COLLECTED MATERIAL -

******************************

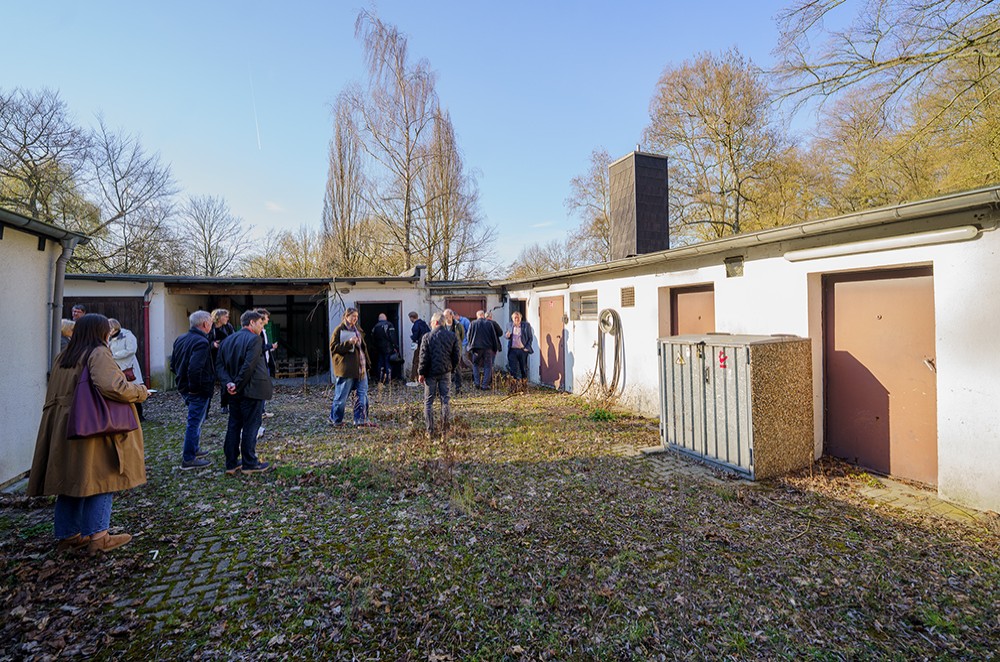 Direkt vor Ort am ehemaligen Unterkunftsgebäude, das in Sichtweite zum Tierpark gelegen ist, konnten sich die Anwesenden vom desolaten Zustand des Gebäudes überzeugen. „Das Gebäude musste 2024 spontan gesperrt werden, da es einsturzgefährdet und auch stark von Schimmel befallen ist“, erläuterte Fachbereichsleiter Stadtgrün David Hucklenbroich. Übergangsweise konnten die Mitarbeitenden beim Betriebsgebäude des Südfriedhofs an der Wiescherstraße unterkommen. Insgesamt vier Mitarbeitende und zusätzlich zwei am Wochenende betreuen den Tierpark an sieben Tagen in der Woche.
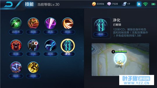 解析:貂蝉的主要输出方式就是开启大招后不断利用二技能和被动技能制造输出,同时二技能也是貂蝉生存能力强的关键,但这时若遭到敌军英雄的控制无法释放二技能,则会很快遭到敌军击杀,因此携带召唤师技能净化,貂蝉就能更好的活跃于战场,也为貂蝉提高了一些容错率。
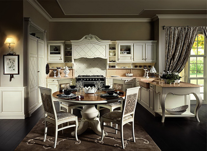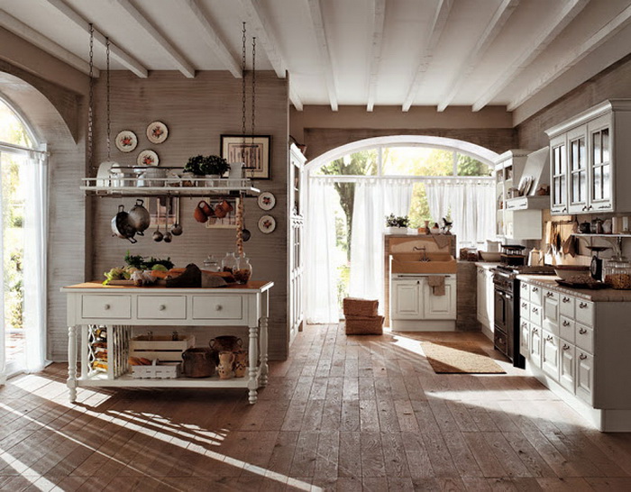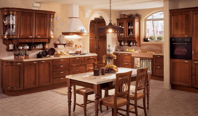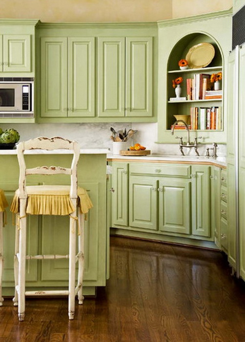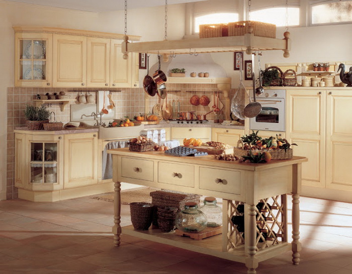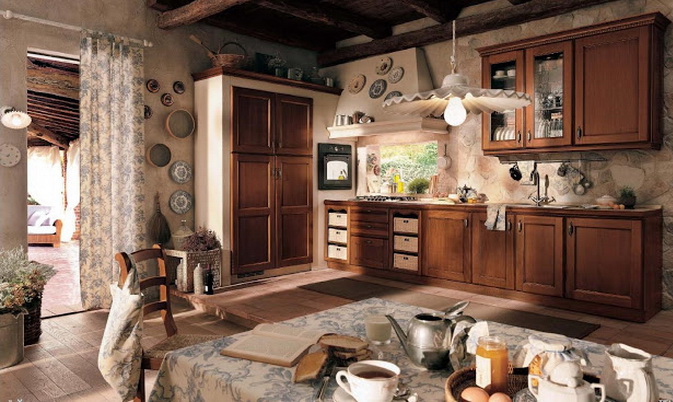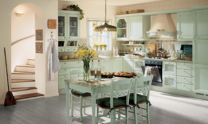 Стиль Прованс – отличный способ создать на кухне уютную и теплую атмосферу. Материалы для оформления помещения кухни только натуральные. На стенах штукатурка, камень или керамическая плитка. Потолок с балками. На полу деревянные доски или терракота. Кухонная мебель деревянная, крашенная, оформлена, как правило в светлых цветах, но может быть зеленой, синей и коричневой. Дверцы кухонных шкафов расписывают цветочными узорами или же они могут быть в решетку и стеклянными.
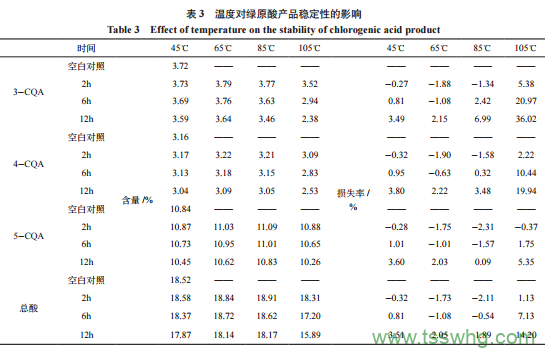 由表3可知,從45℃~105℃,甜葉菊綠原酸類(lèi)成分受熱溫度越高、時(shí)間越長(zhǎng),含量減少越多;其中3-CQA的含量減少最多,4-CQA次之,5-CQA減少最少。45℃~85℃范圍內(nèi),甜葉菊綠原酸類(lèi)成分損失率相近,105℃下甜葉菊綠原酸類(lèi)成分損失率明顯升高。

******************************

ACTIVITY - From the first line above through the line containing "Стиль Прованс –", copy everything exactly, without the pictures.

ANSWER SECTION -
 Direkt vor Ort am ehemaligen Unterkunftsgebäude, das in Sichtweite zum Tierpark gelegen ist, konnten sich die Anwesenden vom desolaten Zustand des Gebäudes überzeugen. „Das Gebäude musste 2024 spontan gesperrt werden, da es einsturzgefährdet und auch stark von Schimmel befallen ist“, erläuterte Fachbereichsleiter Stadtgrün David Hucklenbroich. Übergangsweise konnten die Mitarbeitenden beim Betriebsgebäude des Südfriedhofs an der Wiescherstraße unterkommen. Insgesamt vier Mitarbeitende und zusätzlich zwei am Wochenende betreuen den Tierpark an sieben Tagen in der Woche.
 解析:貂蝉的主要输出方式就是开启大招后不断利用二技能和被动技能制造输出,同时二技能也是貂蝉生存能力强的关键,但这时若遭到敌军英雄的控制无法释放二技能,则会很快遭到敌军击杀,因此携带召唤师技能净化,貂蝉就能更好的活跃于战场,也为貂蝉提高了一些容错率。
 Стиль Прованс – отличный способ создать на кухне уютную и теплую атмосферу. Материалы для оформления помещения кухни только натуральные. На стенах штукатурка, камень или керамическая плитка. Потолок с балками. На полу деревянные доски или терракота. Кухонная мебель деревянная, крашенная, оформлена, как правило в светлых цветах, но может быть зеленой, синей и коричневой. Дверцы кухонных шкафов расписывают цветочными узорами или же они могут быть в решетку и стеклянными.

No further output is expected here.